Whilst Ishigami’s Serpentine Pavilion’s 106 columns have been criticised for their over-use, it is the darkness inside the pavilion which is slightly disappointing. The pavilion’s unique location in the middle of Hyde Park – surrounded by the natural landscape of flora and fauna – is not used as an asset but almost completely ignored. Natural light should be a key ingredient to any work, especially when sustainability is the key issue of 2019 onwards, and the pavilion uses artificial lighting inside to brighten up the space. With this in mind, the pavilion acts as a bunker in the middle of one of London’s most beautiful public parks. Indeed Ishigami intended the structure to be “a cave-like space, a refuge for contemplation”. This seems to be a contradiction to Ishigami’s manifesto, but his use and reinterpretation of British materials validates the overall design. The architect states “A stone creates a landscape, and a landscape usually sits outside of a building. I wanted to create the landscape inside the building, as a theory of the landscape that the stone creates outside.”
Earlier this year a slight nod of controversy veiled the design’s build as Ishigami + Associates were criticised for not paying interns working on the Serpentine project (in the UK it is illegal to not pay interns who have graduated from University, whereas in Japan it is common practise). The Serpentine Gallery insisted upon correct measure and the firm quickly obliged. It proves the importance of such a simple commission by an art gallery can create major change for the architectural industry; first through conversation then action.

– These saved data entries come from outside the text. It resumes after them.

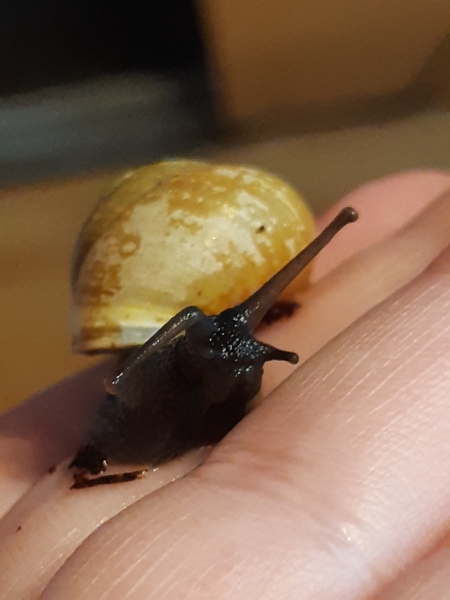 Das ist Hatty. Er lebt nun schon seit einem Jahr bei mir und war vorher ein illegaler Untermieter in einem Garten (lach). Ich weiß nicht wie alt er ist. Sein Haus sieht nicht gut aus, ich weiß, aber darum gehts nicht. Ich habe heute entdeckt, dass mein kleiner Hatty einen … "gebrochenen" Fühler hat? Falls das überhaupt geht?
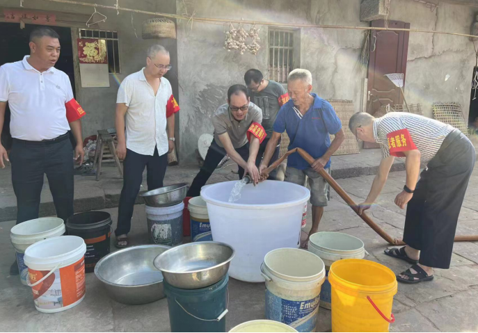 (图为渠县审计局党员突击队为金凤村缺水群众送水)
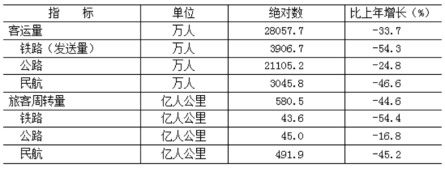 全年貨運(yùn)量24037.4萬噸,比上年下降14.5%;貨物周轉(zhuǎn)量881.5億噸公里,增長0.1%。全年客運(yùn)量28057.7萬人,下降33.7%;旅客周轉(zhuǎn)量580.5億人公里,下降44.6%。
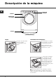Descripción de la máquina ES PANEL DE CONTROL PUERTA TIRADOR DE LA PUERTA ZÓCALO PATAS REGULABLES PUERTA CONTENEDOR DE DETERGENTES: Para abrir la puerta utilice siempre el tirador correspondiente (ver la figura). Se encuentra en el interior de la máquina y se accede a él abriendo la puerta. Para la dosificación de detergente, ver el capítulo Detergentes y ropa. 20 1 2 1. cubeta para el prelavado: utilice detergente en polvo. 2. cubeta para el lavado: utilice detergente en polvo o líquido.
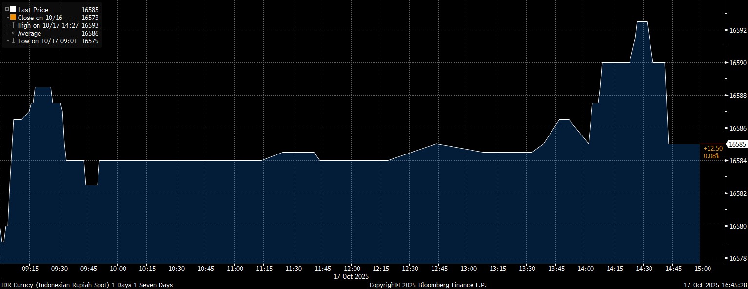 Rupiah spot ditutup melemah 0,08% di level Rp16.585/US$ seperti ditunjukkan data Bloomberg, Jumat (17/10/2025). Pelemahan rupiah terjadi bersama–sama dengan mata uang Asia lain.
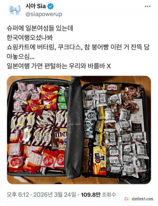 요즘 한국과자 싹쓸이하는 일본 여성 관광객들 페이지 정보 작성자 pkg 댓글 0건 조회 177회 작성일 26-04-03 23:22 목록 답변 글쓰기 본문 몽셸, 쵸코하임, 칙쵹 등등 우리가 일본가서 하는거랑 비슷한건지? 이전글일론 머스크에게 도움을 청하는 이란인 26.04.03 다음글5,000원이라는 부산 간짜장 맛집 26.04.03 댓글 0 댓글목록 등록된 댓글이 없습니다.
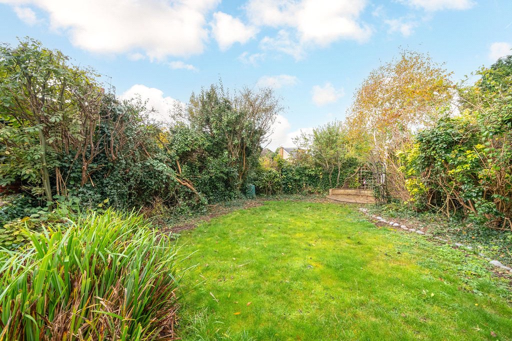 - Mature rear garden with wisteria-covered pergola
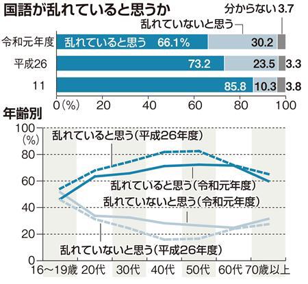 調査は今年2~3月、16歳以上の男女1994人が答えた。「ふだんの生活の中で接している言葉から考えて、今の国語は乱れていると思いますか。それとも、乱れていないと思いますか」との質問に、「非常に乱れていると思う」と「ある程度乱れていると思う」を選んだ人は計66・1%。どのような点で乱れているのかを複数回答で聞くと、「敬語の使い方」と「若者言葉」がそれぞれ6割を超え、「新語・流行語の多用」「挨拶(あいさつ)言葉」がそれぞれ3割を超えている。
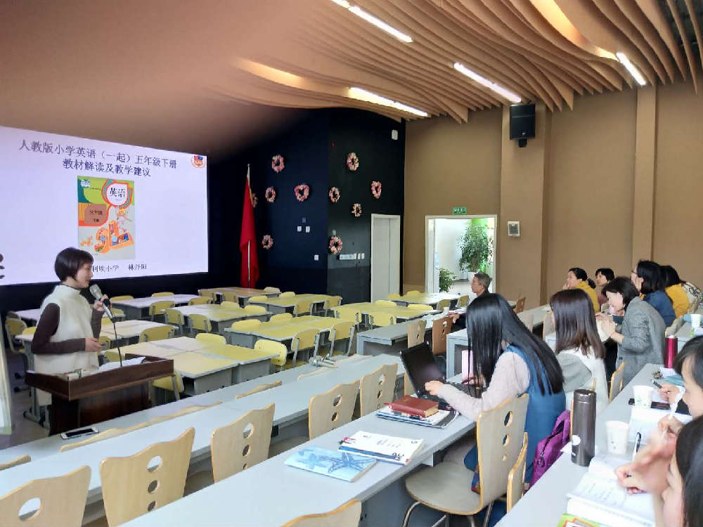 2019年3月28日下午14时,在成都蒙彼利埃小学的阶梯教室举行了高新区小学英语高段集中教材培训活动。首先是蒙小的林丹阳老师解读了五年级的教材。

The Serpentine Pavilion brief has remained unchanged since its inception: to design a 300sqm that is used as a meeting place and cafe by day, and a forum for entertainment and learning by night. Realised entirely through sponsorship and a final sale, the Pavilion can later be found anywhere in the world after its tenancy in front of the Serpentine Gallery during Summer. Conceived by former director Julia Peyton Jones and her first Pavilion concept commission for Zaha Hadid in 2000, architects such as Rem Koolhaas and Cecil Belmond Arup in 2006, Frank Gehry in 2008, Herzog & de Meuron and Ai WeiWei in 2012 and Bjarke Ingels Group in 2016 who have taken on the brief and excelled in innovation and creativity. The only requirement is that the architect has not yet completed a structure in England (at the time of invitation), making the Serpentine directors’ architect choices even more forward-thinking and pivotal. This concept is the first of its kind, with the idea now replicated in international cities such as Melbourne, Australia.
On July 11th the Serpentine Augmented Architecture program will launch in the Serpentine Pavilion, premiering with NYC-based artist Jakob Kudsk Steensen’s work The Deep Listener. Together with Google Arts and Culture, nature and architecture combine with technology to create a new visitor experience. In addition, from July to September, the pavilion will play host to the Serpentine Park Nights supported by clothing retailer COS. Held on select Friday evenings, the events activate the pavilion in different ways: from dance to music and film in addition to art and architecture-themed works. This year, designer Kiko Kostadinov activates the space, along with director Leila Weinraub on a separate evening.